La fédération iranienne a dénoncé la révocation de son contingent de billets destinés aux supporters et le refus de visas opposé à certains membres de son staff technique et logistique. Pour un pays qui compte traditionnellement sur une diaspora très présente dans les tribunes, le coup est rude.

Giuliani, lui, insiste sur le fait que le cœur sportif de l’équipe ne sera pas touché : « Tout le staff technique iranien entre dans le pays », affirme-t-il.
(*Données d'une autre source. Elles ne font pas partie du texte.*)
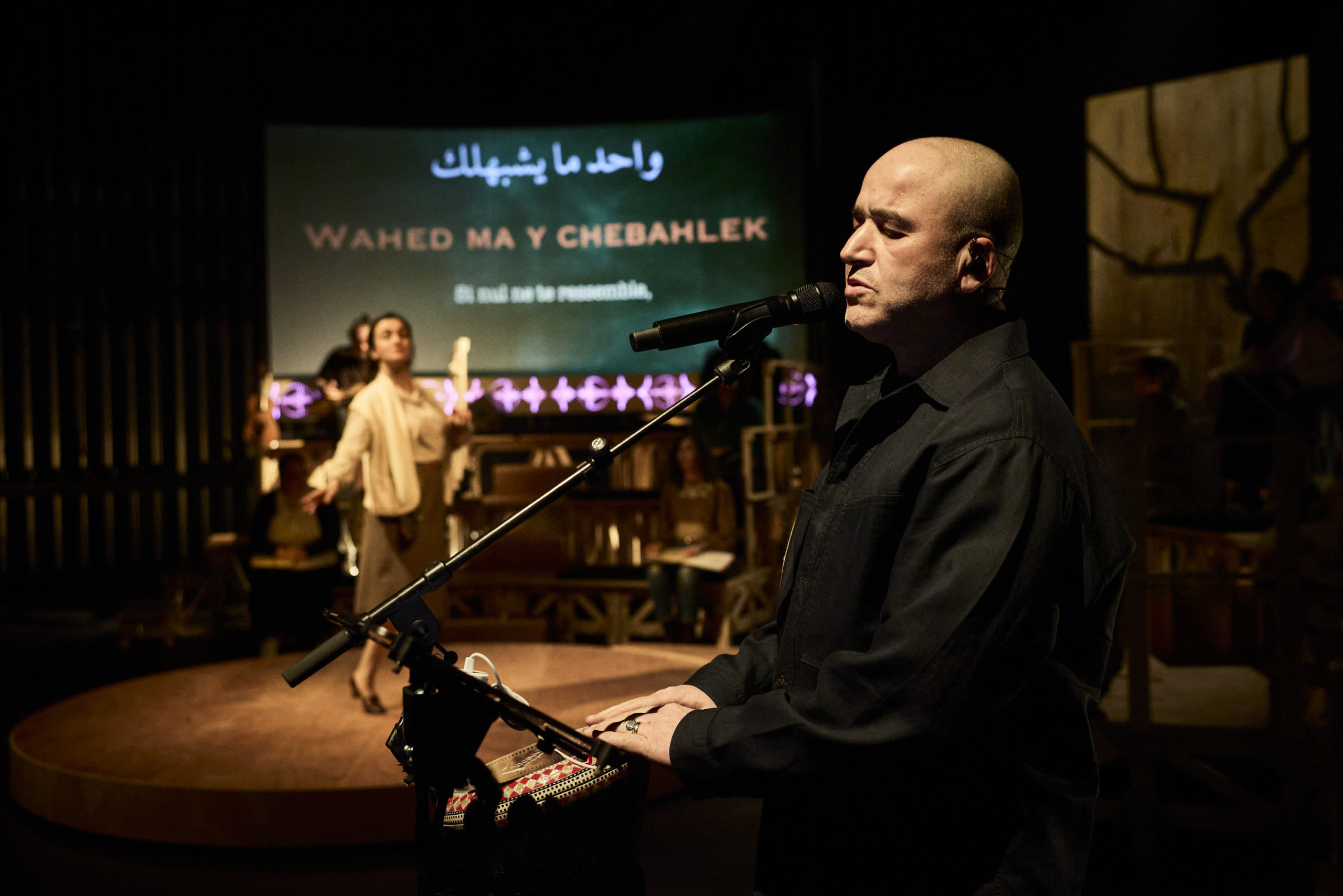 « Alif » en arabe, « Alef » en hébreu, « Alpha » en grec et « A » en latin, première lettre de l’alphabet, est le symbole de la connexion entre les cultures et les langues. Abdelwaheb a grandi dans une famille nombreuse. Entre un père passionné de géopolitique et militant pour l’indépendance de l’Algérie, et une mère avide d’histoires de famille et de mariage. Le jour de son entrée au collège, il découvre sa nouvelle professeure de langue arabe. Anne est une élégante libanaise chrétienne, qui a fui la guerre civile. Une personnalité à l’opposé de ses précédents enseignants chahutés. Il y avait Ibrahim, de la mosquée, à la longue barbe, ou Rachida, de l’amicale laïque des Algériens en Europe.. Avec Anne, le calme s’installe dans la classe. L’apprentissage de l’arabe dépasse le cadre religieux pour laisser place à l’arabe des poètes. Notamment à l’instruction en chansons et la découverte des plus grandes interprètes : Faïrouz, Ismahan, Oum Kalthoum. Dans Alif, son nouveau spectacle musical, Abdelwaheb Sefsaf témoigne de son apprentissage de la langue arabe comme vecteur d’émancipation, de valorisation de l’héritage culturel et d’intégration au sein de la société française.

Mais il reconnaît que « certains officiels iraniens ne viendront pas – là encore pour de très bonnes raisons ». Il évoque des cas de personnes « qui affirment être des entraîneurs sans forcément l’être », laissant entendre que les autorités soupçonnent des tentatives de contourner les filtres sécuritaires.

Directives Sécuritaires

Derrière ces refus, une ligne directrice : empêcher toute personne travaillant directement, selon lui, avec le IRGC (Islamic Revolutionary Guard Corps) d’accéder au territoire américain. Giuliani assure que Donald Trump veut garantir un « terrain de jeu équitable » pour toutes les sélections, tout en fermant la porte à ceux que Washington considère comme liés aux structures de sécurité iraniennes.

Sur le plan sécuritaire global, le message se veut rassurant. L’émissaire de la Maison Blanche parle de l’absence de « menaces crédibles » visant le tournoi. Mais il précise que la communauté du renseignement a « triplé » ses efforts et continuera de surveiller la situation « d’ici au dernier but qui sera marqué le 19 juillet ».

La Coupe du monde se jouera donc dans des stades bouillants, mais aussi dans les couloirs feutrés des services de renseignement et des services consulaires. Entre la promesse d’un spectacle planétaire et la crainte de laisser passer le mauvais profil, les États-Unis ont clairement choisi de serrer la vis. Reste à savoir jusqu’où le football acceptera que la politique trace les lignes du terrain.